§ Extracted information
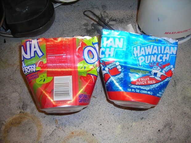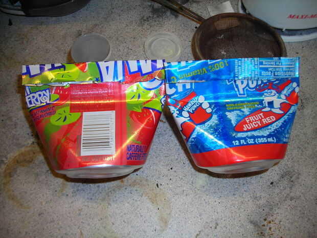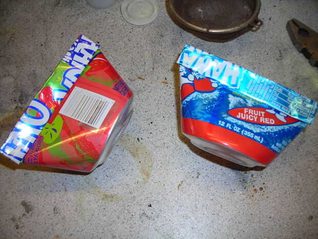 Aplanar de 1 pulgada de la parte superior de cada lata. Doble hacia abajo 1/2 pulgada y apriete con los alicates. Doble hacia abajo uno más 1/2 pulgada y abrazadera de cierre con las pinzas otra vez. Ahora tienes dos opciones. Si vas a rellenar cada con más de 11-12 gramos de composición, recomendaría usando el opcional perno y la tuerca para evitar que la puede desplegar durante la ignición. Cuando se quema, esta composición produce mucho humo, que se escapa muy rápidamente. ¿Si el humo es lanzado demasiado rápido y a muy alta temperatura, de sólo tendremos un pequeño lanzallamas en las manos, que es multa y dandy pero quiero humo, derecho? La segunda manera de hacerlo, es simplemente doblar los bordes, como se muestra en las fotos.
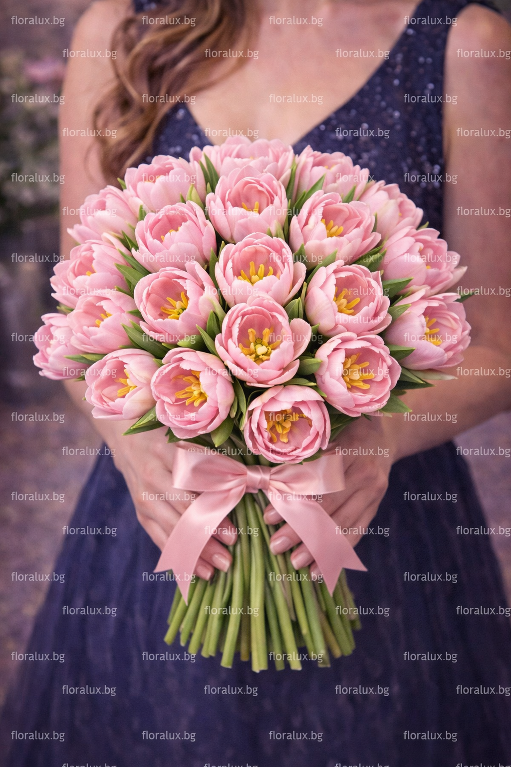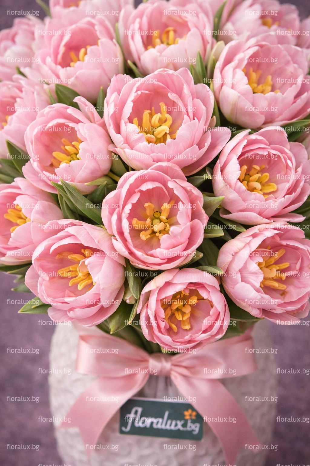 Този модел е изработен от божурести (двойни) светло розови лалета, отличаващи се с многослойни, богати венчелистчета и деликатен преход от меко розово към почти перлени краища. Формата е плътна и хармонична, а цветята са подредени така, че да създадат естествено движение и фин обем.
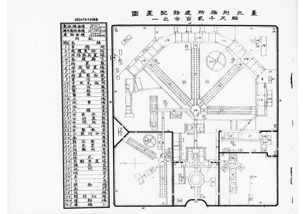歷經脫亞入歐的日本,在統治臺灣後,參考歐美獄政管理在臺灣蓋起了仿效美國賓州式的輻射型監獄。其中臺北刑務所在1904年啟用,這是臺灣唯一,也是全世界唯一用臺北內湖金面山所產城牆石建造的賓州式監獄。這一座監獄除了高聳的圍牆,監獄建材的搬運與紅磚、黑瓦的燒製皆來自受刑的囚犯。
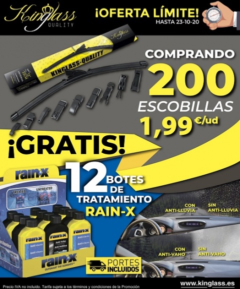¡PROMOCIÓN FLASH KINGLASS! Llévate un generador de Ozono de regalo Por la compra de 200 escobillas
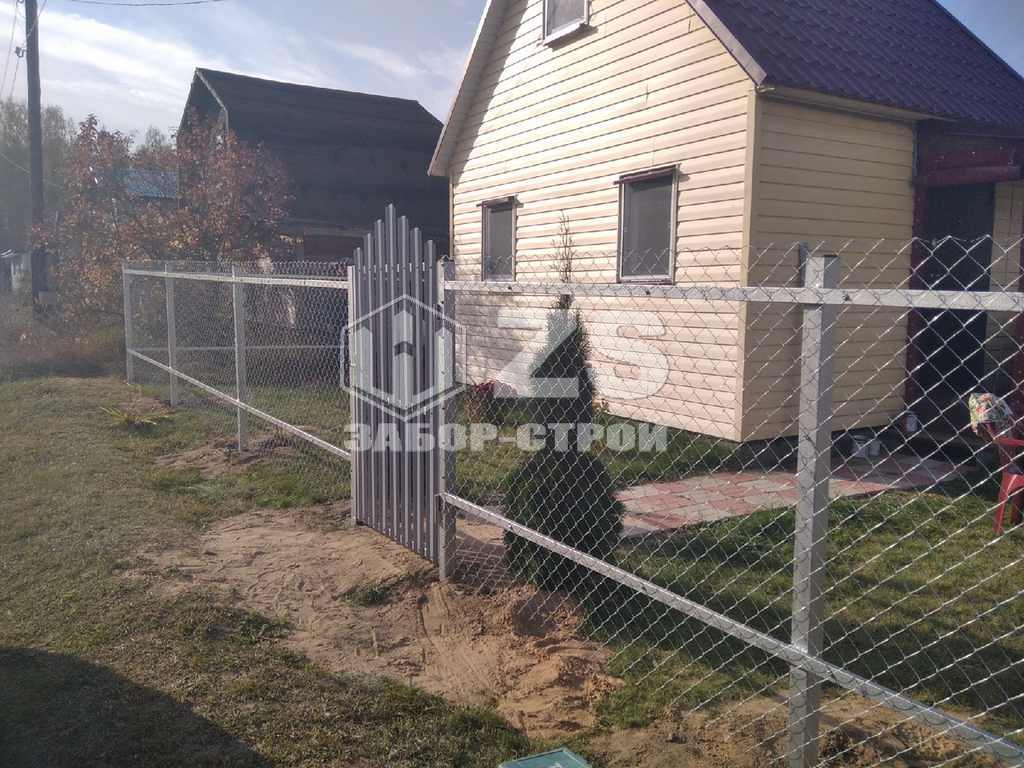 - Забор на столбах с утрамбовкой щебня из сетки рабицы 20 метров
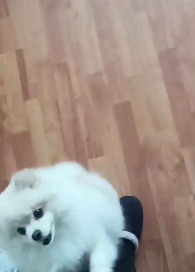 A short video shows a small, white dog standing on someone's foot
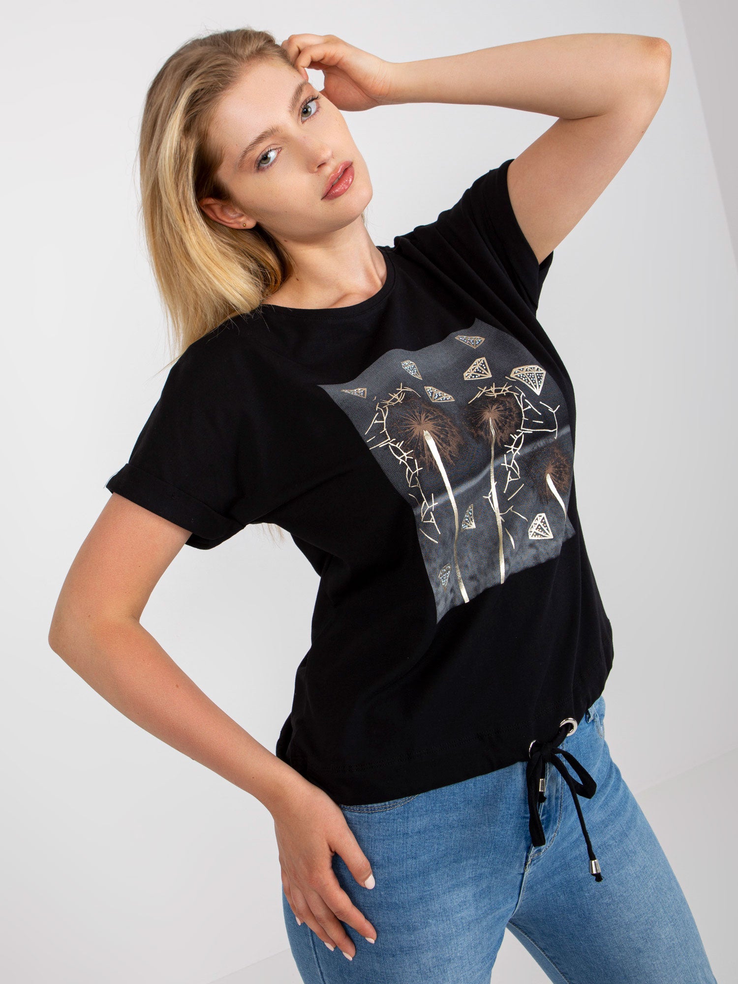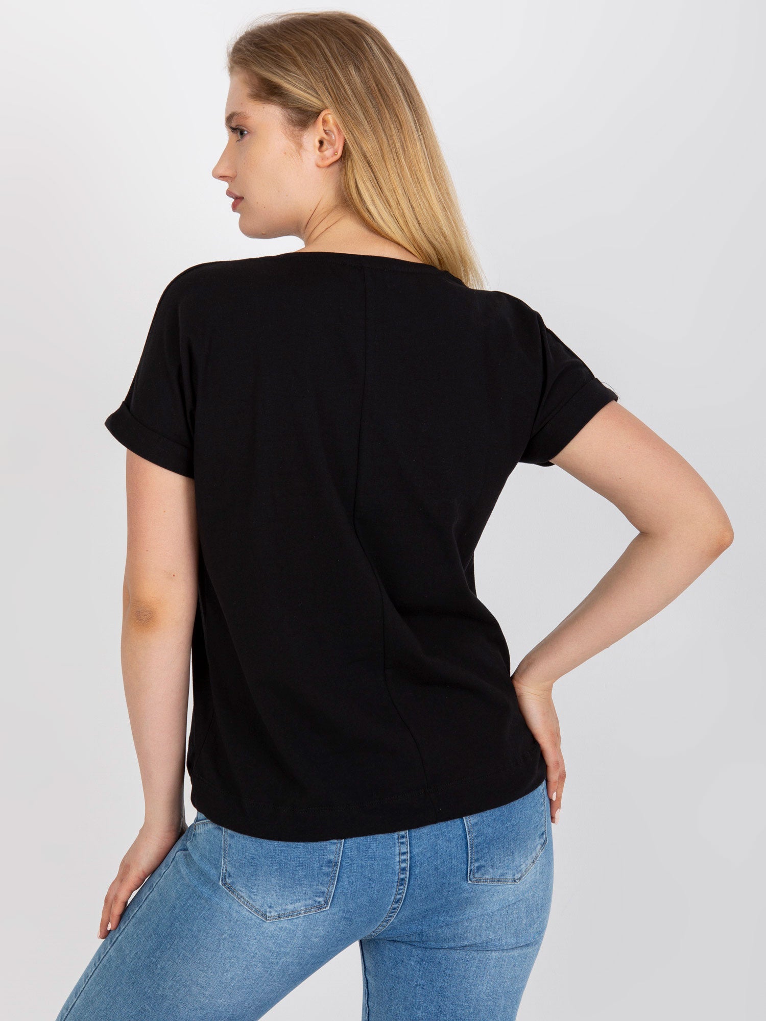 Wymiary t-shirta w rozmiarze one size mierzone na płasko: szerokość pod pachami - 54 cm, długość całkowita - 65 cm.
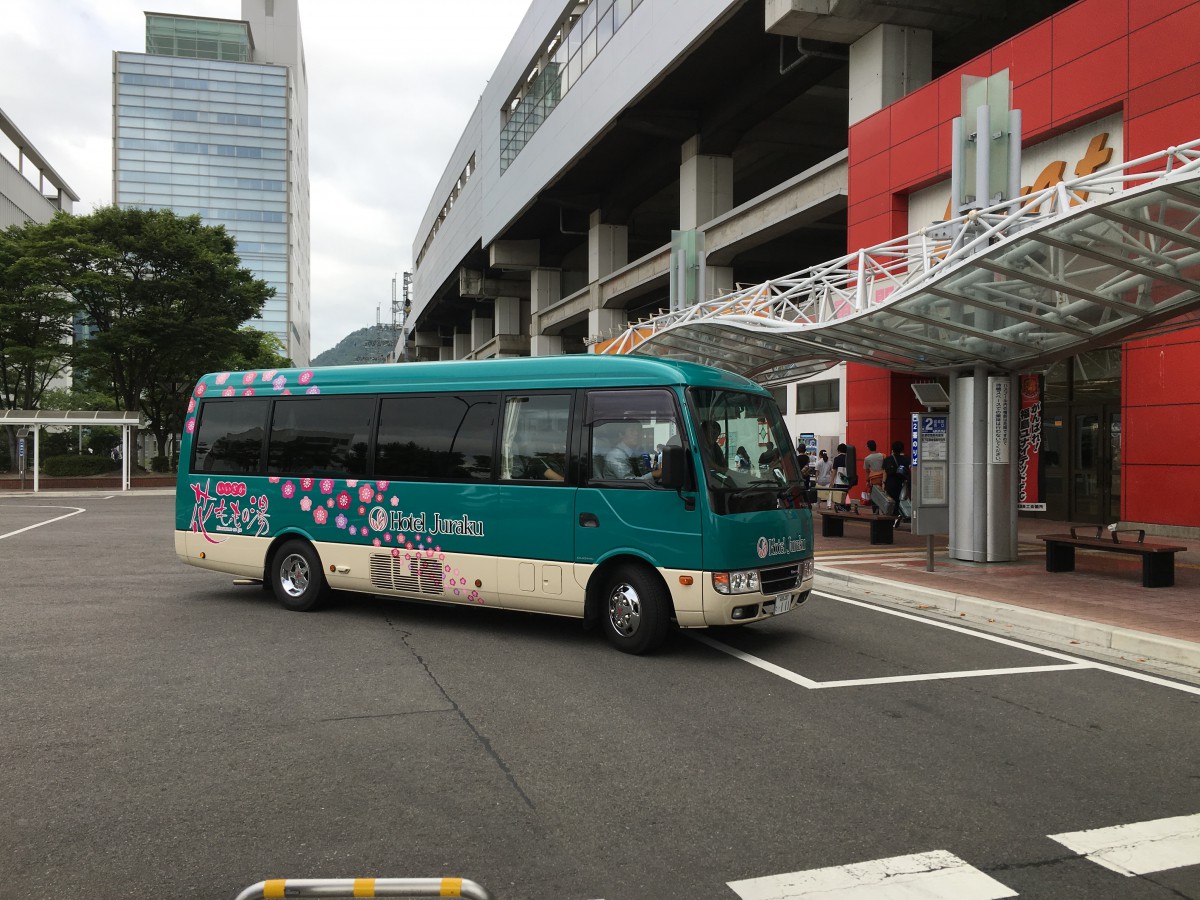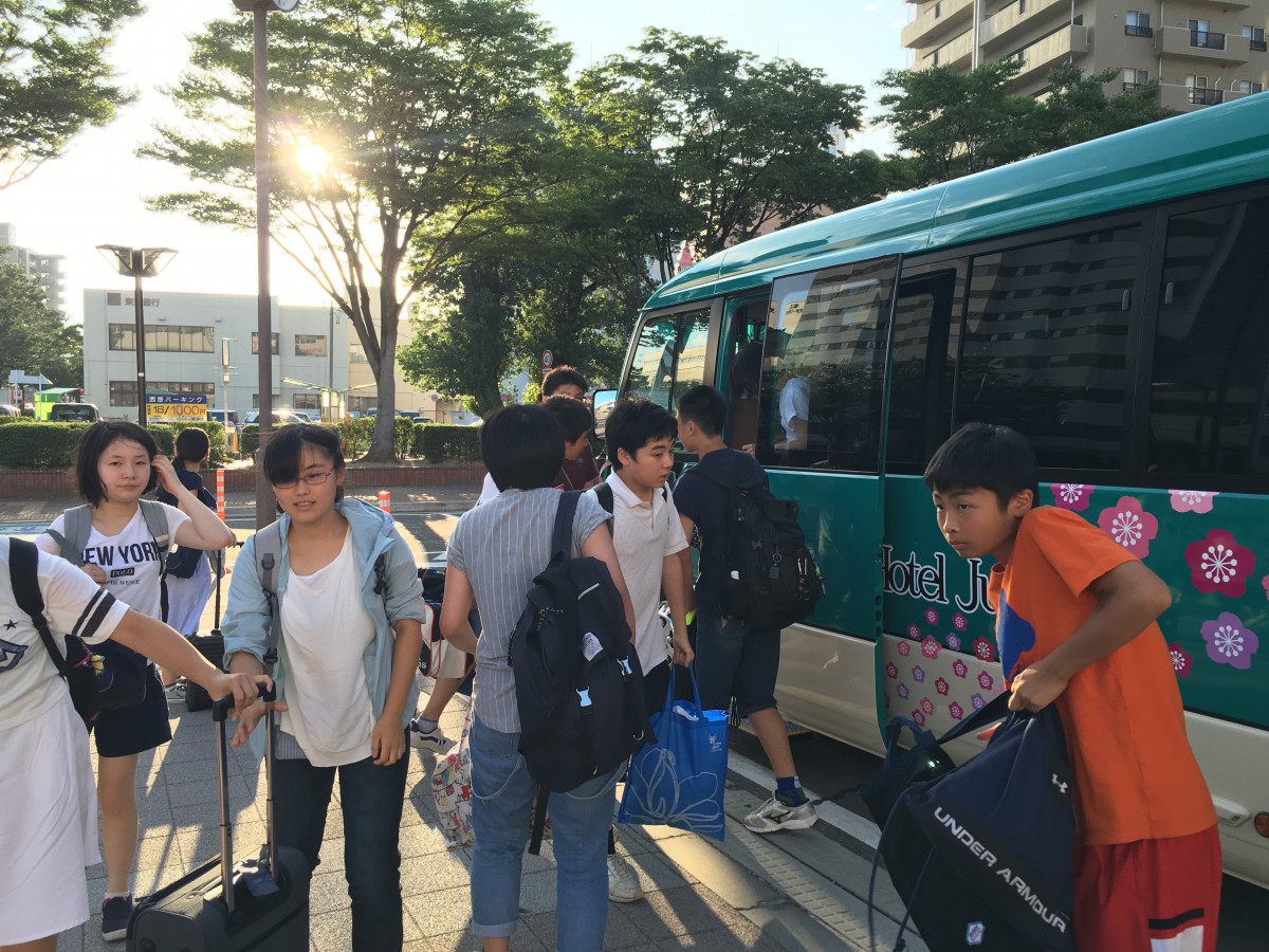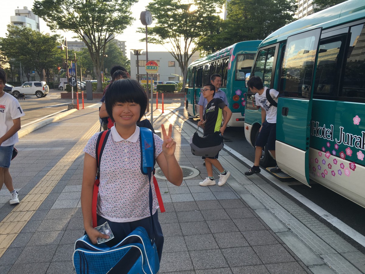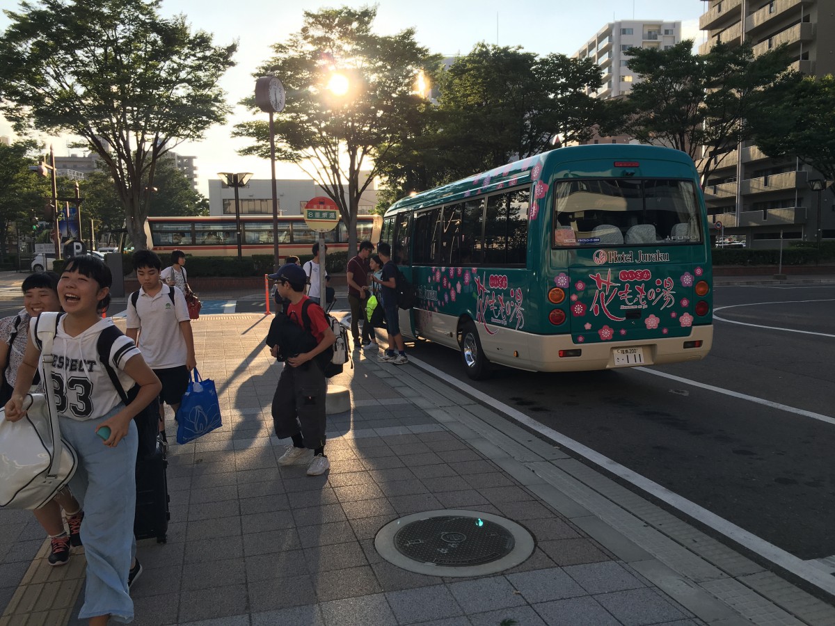 送迎バスに乗り込んで、いざ会場の飯坂温泉・ホテル聚楽へ。
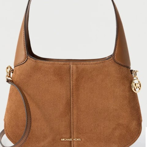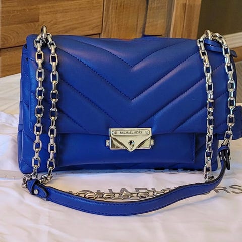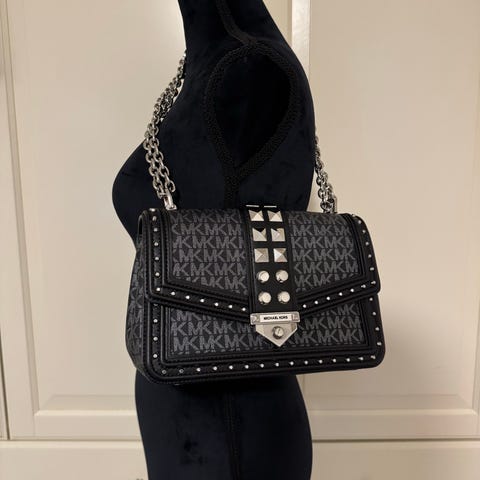 Helt nydelig sjelden Michael Kors whitney teal veske for dame i semsket skinn. Vesken har klaff med metallås og dekorative nagler på forsiden og langs kantene. Den leveres med en kombinasjon av skulderrem i semsket skinn og metallkjede. Innvendig har vesken et hovedrom og mindre lommer som egner seg til oppbevaring av mindre eiendeler. Det følger med en oppbevaringspose med Michael Kors-logo. Nærmest ubrukt så fremstår som ny. Dustbag følger med!
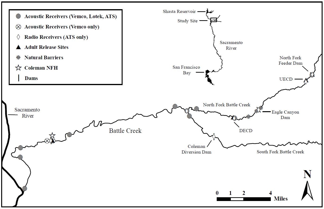This map shows salmon-release sites, natural and human-made barriers, and locations of acoustic and radio receivers on Battle Creek associated with Service efforts to support endangered Sacramento River winter-run Chinook salmon and establish a second population outside of the Sacramento River. Since 2018 the Service has released hatchery-produced winter-run juvenile Chinook salmon into Battle Creek and monitored adult returns through a collaboration of the Red Bluff Fish and Wildlife Office and Coleman National Fish Hatchery.
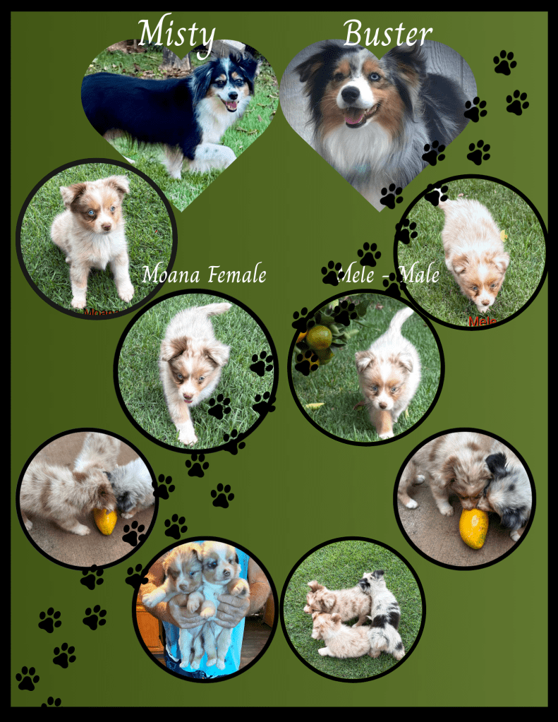 These two pups, we call Moana (Female) and Mele (Male) (but you can choose your own name) are available the first week in December. Please complete the Purchase Application and get it to Bill. These pups are Misty’s first and she has been a wonderful mother. Buster is also proud of his pups. These two are a lot of fun and you will enjoy their personalities.

§ Task to carry out
Nothing but the lines from the start of the listing through the line with "歷經脫亞入歐的日本,在統治臺" belongs in the answer, each one retyped exactly and without pictures.

§ Answer
 Aplanar de 1 pulgada de la parte superior de cada lata. Doble hacia abajo 1/2 pulgada y apriete con los alicates. Doble hacia abajo uno más 1/2 pulgada y abrazadera de cierre con las pinzas otra vez. Ahora tienes dos opciones. Si vas a rellenar cada con más de 11-12 gramos de composición, recomendaría usando el opcional perno y la tuerca para evitar que la puede desplegar durante la ignición. Cuando se quema, esta composición produce mucho humo, que se escapa muy rápidamente. ¿Si el humo es lanzado demasiado rápido y a muy alta temperatura, de sólo tendremos un pequeño lanzallamas en las manos, que es multa y dandy pero quiero humo, derecho? La segunda manera de hacerlo, es simplemente doblar los bordes, como se muestra en las fotos.
 Този модел е изработен от божурести (двойни) светло розови лалета, отличаващи се с многослойни, богати венчелистчета и деликатен преход от меко розово към почти перлени краища. Формата е плътна и хармонична, а цветята са подредени така, че да създадат естествено движение и фин обем.
歷經脫亞入歐的日本,在統治臺灣後,參考歐美獄政管理在臺灣蓋起了仿效美國賓州式的輻射型監獄。其中臺北刑務所在1904年啟用,這是臺灣唯一,也是全世界唯一用臺北內湖金面山所產城牆石建造的賓州式監獄。這一座監獄除了高聳的圍牆,監獄建材的搬運與紅磚、黑瓦的燒製皆來自受刑的囚犯。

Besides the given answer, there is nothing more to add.